▸ RECORDED DATA:
- - - - -

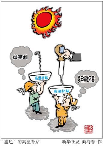 漫画:“尴尬”的高温补贴 7月12日入伏以来,全国多地陷入持续“蒸烤模式”,南北方大范围地区最高气温达35℃以上。商海春 作
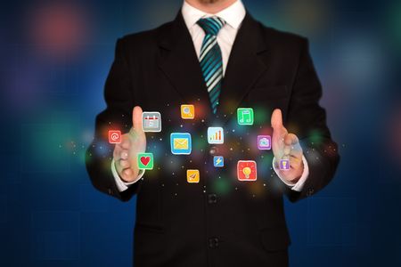 Elegant businessman holding colorful mixed media icons
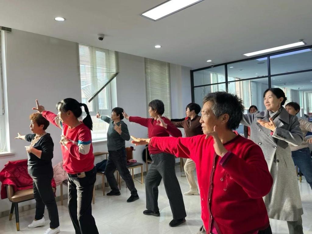 活动伊始,指导老师张老师详细讲述八段锦的相关知识:八段锦,是一个优秀的中国传统保健功法。它动作简单易行,功效显著。另外,此功法共为八段,每段一个动作。老人们认真聆听,并热情讨论。接下来,张老师进行实践教学,展示相关动作。整套动作柔和连绵、华丽流畅、有松有紧、动静相兼。
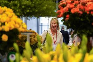 (251002) -- BOGOTA, 2 octubre, 2025 (Xinhua) -- Una mujer sonríe mientras observa especies de flores durante la feria internacional Proflora 2025, llevada a cabo en el recinto ferial Corferias, en Bogotá, capital de Colombia, el 2 de octubre de 2025. (Xinhua/Andrés Moreno) (am) (jg) (ah) (vf)

- - - - -

▸ WORK INSTRUCTION: Reproduce the material above from its first line through the line containing "活动伊始,指导老师张老师详细", both ends included, and skip every picture.

▸ COMPLETED TASK:
 漫画:“尴尬”的高温补贴 7月12日入伏以来,全国多地陷入持续“蒸烤模式”,南北方大范围地区最高气温达35℃以上。商海春 作
 Elegant businessman holding colorful mixed media icons
 活动伊始,指导老师张老师详细讲述八段锦的相关知识:八段锦,是一个优秀的中国传统保健功法。它动作简单易行,功效显著。另外,此功法共为八段,每段一个动作。老人们认真聆听,并热情讨论。接下来,张老师进行实践教学,展示相关动作。整套动作柔和连绵、华丽流畅、有松有紧、动静相兼。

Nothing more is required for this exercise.